Emergent Strategies

I have managed Oxygen’s Software Development Team for five years.

Spiral JettyEach year, our aspirations grow to encompass widening arcs of project, team, and company.

It all seems planned but it’s a pattern of intended and emergent strategies. Agility embraced from the bottom up with the support of our CTO, Steve Morgan.

Beautiful.

Year Focus Theme
2003 Projects Build mission critical software.
2004 Team Adopt Scrum and XP. Become a real team.
2005 Advocate by doing. Remove obstacles. Perform.
2006 Company Earn trust with the CEO. Contribute to innovation.
2007 Earn trust with the COO. Contribute to revenue.
2008 Consumers Software as profit center!?

Big Design Up Front

Un-named waterfallI’m a moderate in the agility vs. discipline debate.

Scrum/XP has worked for my team. Four years in, we deliver better adapted solutions with higher code quality.

What I love about Agile is that it acknowledges what’s hard and treasures what’s valuable. There is inherent complexity in modeling partially understood and fluid problems. There is deep potential in talented people rallying to achieve a goal.

However, Agile is not the only path to valuable software. As Stephen McConnell and Barry Boehm say, it’s all a matter of the appropriate tools for the appropriate context.
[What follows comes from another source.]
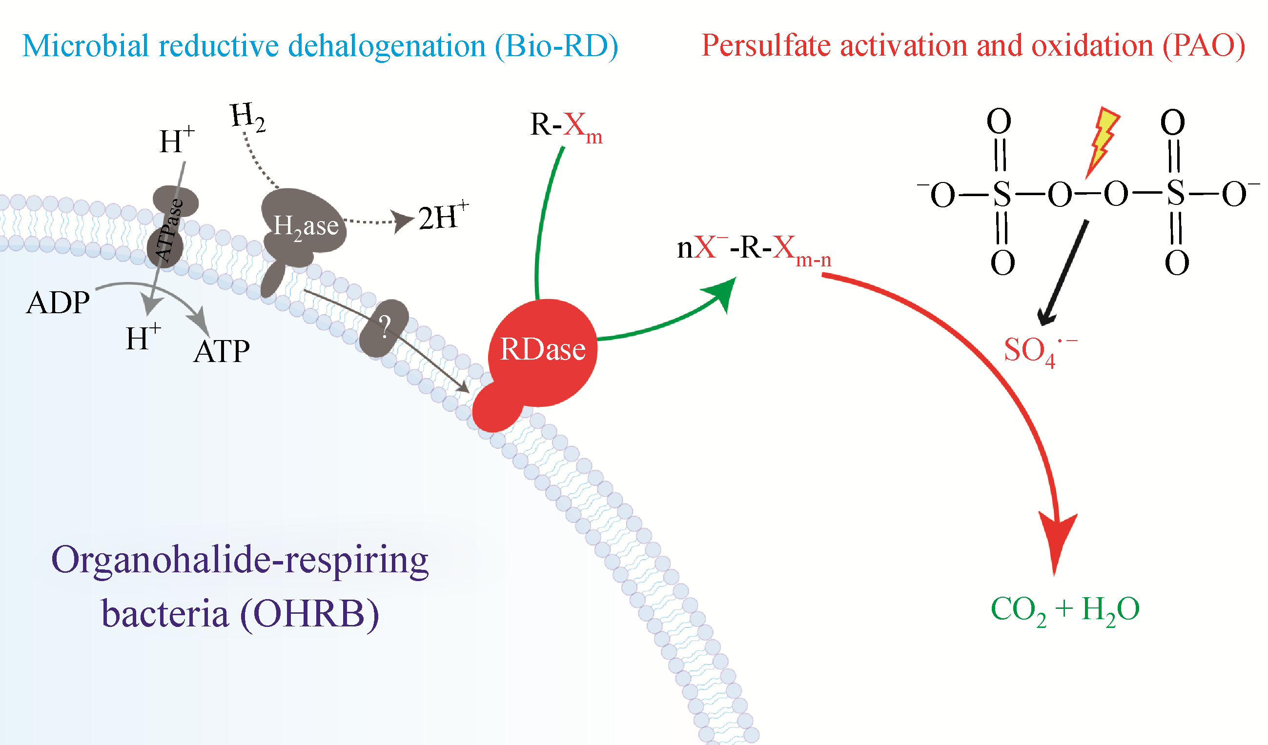 Due to the toxicity of bioaccumulative organohalides to human beings and ecosystems, a variety of biotic and abiotic remediation methods have been developed to remove organohalides from contaminated environments. Bioremediation employing organohalide-respiring bacteria (OHRB)-mediated microbial reductive dehalogenation (Bio-RD) represents a cost-effective and environmentally friendly approach to attenuate highly-halogenated organohalides, specifically organohalides in soil, sediment and other anoxic environments. Nonetheless, many factors severely restrict the implications of OHRB-based bioremediation, including incomplete dehalogenation, low abundance of OHRB and consequent low dechlorination activity. Recently, the development of in situ chemical oxidation (ISCO) based on sulfate radicals (SO4·−) via the persulfate activation and oxidation (PAO) process has attracted tremendous research interest for the remediation of lowly-halogenated organohalides due to its following advantages, e.g., complete attenuation, high reactivity and no selectivity to organohalides. Therefore, integration of OHRB-mediated Bio-RD and subsequent PAO (Bio-RD-PAO) may provide a promising solution to the remediation of organohalides. In this review, we first provide an overview of current progress in Bio-RD and PAO and compare their limitations and advantages. We then critically discuss the integration of Bio-RD and PAO (Bio-RD-PAO) for complete attenuation of organohalides and its prospects for future remediation applications. Overall, Bio-RD-PAO opens up opportunities for complete attenuation and consequent effective in situ remediation of persistent organohalide pollution.
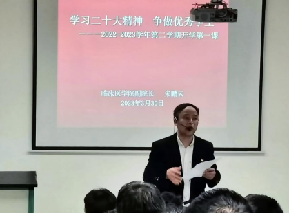 课堂上,朱鹏云副院长从党的二十大主题开始,分15部分进行了深入浅出的讲授,系统地阐述了以中国式现代化全面推进中华民族伟大复兴的壮阔图景,教育引领新时代医学生应领会党的二十大精神深刻含义,增强医学生使命感责任感。同时立足新葡的京集团8814vip工作实际,对学院的前景做出了期望,并呼吁新时代医学生应当笃行实干,以奋发有为的精神状态和只争朝夕的奋斗姿态踔力奋达,切实担负新时代赋予的重任,在新赛场上跑出好成绩,创造新辉煌。

Different levels of planning, description and formality have their place.

The only way to know whether a practice works for your team is to learn it (seek mentors), apply it with discipline, and track your performance over an extended period of time.

The infuriating thing is many shops don’t think deeply about what they do: “The Demise of the Waterfall Model Is Imminent” and Other Urban Myths

The value of any practice is really doing it.

The fuzzy front end

I want to collect together all the terms that describe activities at the start of software projects.

The fuzzy front end

  • Discovery
  • Ideation
  • Brainstorming
  • Chartering
  • Initiation
  • Information Architecture
  • Wire Frames
  • High-level Design
  • High-level Requirements

Big design up front

  • Mocks
  • Conceptual Modeling
  • Specification
  • Detailed Design
  • Detailed Requirements
  • Software System Architecture

Any additions? Please…

Retrospectives and the Hair Shirt

Scrum is really simple, barely a process, more a framework. The hard work in using Scrum is fixing the things that it exposes, actually inspecting the things that it makes transparent and adapting to optimize the results and the organization that produces the results. — Ken Schwaber Scrum and NonScrum

My team embraces retrospectives. Every two weeks we list what we’ve done well and what we didn’t. We choose one or two things to do differently in the next Sprint. We revisit those commitments over time to see what progress we’ve made.

My team exists in a larger company.

In Waltzing With Bears, the one irrefutable reason to not do risk management is when no one else is doing it. If you are the only one presenting costs and possible negative outcomes management will assume your projects are troubled and you are a negative thinker. They’ll fund proposals that by comparison look cheap, safe and promise outstanding success.

I don’t exist in that extreme situation. But my team’s willingness to acknowledge mistakes is sometimes taken for negativity. Our willingness to admit the possibility of failure sometimes provides support to skeptics. Our willingness to question assumptions is sometimes seen as stone throwing.

Leading Change

In order to build something new we straddle two realms. In one we cultivate our aspirations and in the other we struggle to attain them.

At times we need to set aside our skepticism to see the world as it should be and people as we hope they are. Other times, we need to see how far we are from where we aspire to be, dig our feet into the soft earth and push.

Jeff Sutherland has a simple exercise for spurring organizational change

  • Setting aside all the obstacles in your path, picture one thing you would like to change. Write down what it looks like.
  • Now, go back to where you are. Look at that outcome. List things you can do in the short term that get you closer to it.
  • Which of the items on that list are achievable and most effective. Put those at the top of the list.
  • Identify what you can do in the next week to to achieve the items at the top of the list.
  • Assign each of those items to someone in the room with you.

You’ve just planned a Scrum.

The Hair Shirt

There is a difference between justifying one’s mistakes and reflecting on past performance in order to improve. There is also a difference between acknowledging one’s fallibility and dwelling on it.

We developers are crafts people not monks. Our job is not righteous contemplation — it is thoughtful and rightful action.

So as reflective developers, we do not wear a hair shirt. Our goal is not to dwell on our own or other’s failings.

We are idealists.

We embrace grand visions, ambiguity, contradiction and change. We believe good people deliver the best results in environments of trust and honesty.

.. And we are pragmatists.

We believe believing doesn’t in itself make it so: success requires discipline, determination, and ingenious problem solving.

And as we embrace both the outcome to which we aspire and the given circumstances that surround us we will acknowledge mistakes. We will shine a bright light on obstacles in our path. With humility and tenacity we will challenge ourselves, our teams, and our companies to do better.